Study follow-up

A subjective evaluation (questionnaires), physical examination and radiographic analysis are performed preoperatively and again 6 weeks, 6 and 12 months postoperatively. The further follow-up visits include yearly examination, as the long-term follow-up is essential regarding the outcome parameter of this trial (Schedule of events see Table 2). Patients enrolled in our study do not need any additional outpatient visits or radiographic investigations. The data that we obtain from the medical records include the patient’s age and sex, date of injury, date of surgery, classification of the ankle fracture, grade and locations of intra-articular lesions such as chondral lesions, loose bodies, ligamentous damage and presence or absence of concurrent synovitis, course of wound healing, pre- and posttraumatic activity level, time to return to work and sports and quality of life. Pseudonymization is performed for all patients’ details.

Schedule of events

In order to blind subjective evaluation, questionnaires are answered before physical examination is performed. Patients will answer questions about their general satisfaction, pain level (VAS), activity level and any complaints. The Short Form 12 (SF-12) [29] and the Tegner Activity Scale (TAS) [30] are filled in pre- and postoperatively.

For the physical examination blinding of the patients is not feasible as the arthroscopy portals are visible. The physical examination consists of the inspection of the hind foot including hind foot axis, ankle swelling and wound healing. The important anatomical landmarks are examined for any painful structure. Clinical tests involve medial and lateral ligament stability and non-weight bearing, assisted dorsal and plantar range of motion measured with a goniometer. The physical examination further includes functional outcome scores. The AOFAS Score (American Orthopaedic Foot and Ankle Society) [31], JSSF Score (Japanese Society of Surgery of the Foot) [32], OMAS (Olerud and Molander Score) [33], Karlsson Score are used to evaluate postoperative functional outcome.

The AOFAS score is the primary outcome parameter. It is one of the most widely used scoring systems to evaluate functional ability and physical examination incorporated in a numeric scale. It has been widely adopted and has become an accepted standard of assessing patients after foot and ankle surgery. A validated German language version is used.

The JSSF, OMAS, Karlsson Score, TAS and SF-12 are recorded postoperatively. Further secondary outcome parameter are radiographic analysis, arthroscopic findings of intra-articular lesions, time to return to work/sports and complications.

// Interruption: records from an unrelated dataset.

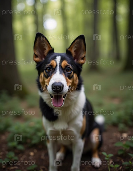 В тихом лесу среди яркой зелени сидит веселая собака с яркими отметинами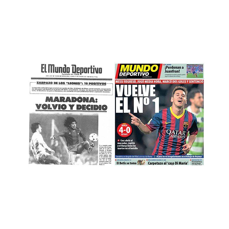 "En un encuentro lleno de expectación por su vuelta, el crack argentino, sobre el que apuntaban todas las miradas, fue protagonista marcando dos goles", comentaba entonces Mundo Deportivo, que hoy desempolva el archivo y da a conocer esta –otra- increíble similitud entre los dos genios.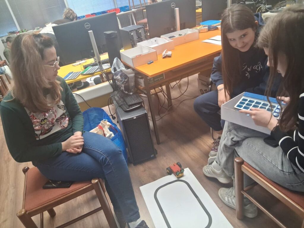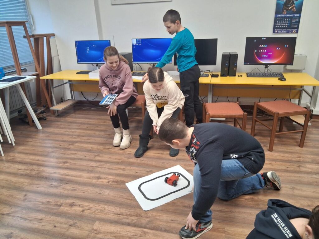 Pod vodstvom Une Šnajdar radili su u manjim timovima, slagali blokove na podlogu te pokretanjem programa na tabletu odmah promatrali kako se njihov kod „pretvara“ u ponašanje robota. Kroz zadatke poput vožnje ravno, skretanja, zaustavljanja ispred prepreke ili prolaska kroz poligon učili su kako problem podijeliti na manje korake i logički ih posložiti.

The radiographic assessments comprise the routine x-rays (non-weight bearing, a.p. and lateral) and a CT scan preoperatively and postoperatively. Postoperative radiographs and x-rays performed 6 weeks after the operation are non-weight bearing films. Beginning with 1-year of follow-up, weight-bearing films will be obtained. Position of implants, potential secondary dislocation and fracture consolidation/healing are evaluated and documented via radiographic analysis. The displacement of the fracture site is controlled fluoroscopically intra- and postoperatively; displacement is graded into three groups (no dislocation, dislocation ≤2 mm and dislocation >2 mm). In case sub-optimal reduction or malreduction ≥2 mm is recognized using intraoperative x-ray or arthroscopy, fixation will be removed and the reduction will be performed again. Thereafter the reduction is re-evaluated using x-ray and arthroscopy. If malreduction of ≥2 mm should be recognized in postoperative CT-scans revision surgery would be discussed with the patient. Radiographic assessment of posttraumatic osteoarthritis is performed according to the classification system by Kellgren et al. [34].

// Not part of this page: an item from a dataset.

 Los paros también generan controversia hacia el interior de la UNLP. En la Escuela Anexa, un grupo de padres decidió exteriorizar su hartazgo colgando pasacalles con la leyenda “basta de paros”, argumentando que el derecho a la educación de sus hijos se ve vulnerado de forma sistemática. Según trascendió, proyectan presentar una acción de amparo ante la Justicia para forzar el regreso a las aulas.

Detailed description and classification of the fracture are performed using the AO classification system.

The appearance, description and classification of intra-articular findings in the arthroscopic group are documented. Detailed description of the lesion, capsular, ligaments, ventral syndesmosis, grading and localization of chondral lesions (ICRS classification), loose bodies is recorded and analysed. These intraoperative findings are further analysed according to fracture classification. In order to determine the frequency and distribution of the chondral lesions in the series, fractures of the same type will be grouped together and statistical analysis will be performed to compare these groups. In Fig. 5 two examples of intra-articular pathologies are presented.

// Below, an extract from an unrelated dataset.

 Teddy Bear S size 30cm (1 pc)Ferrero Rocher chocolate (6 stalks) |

Exemplary arthroscopy images showing an osteochondral lesions grade 4 (ICRS) on the medial talus and loose bodies

According to the Data and Safety Monitoring Board Guidelines (National Institute of Health, NIH) we establish a group of experts (experienced trauma surgeons, who are not involved in our study) who independently review and evaluate the accumulated study data for participant safety, study conduct and progress and also efficiency of our study. In detail, arthroscopical findings and arthroscopy-associated complications will be evaluated thoroughly after 15 patients in the intervention group (AORIF). Based on these results, they will make recommendations concerning continuation, modification or termination of the trial.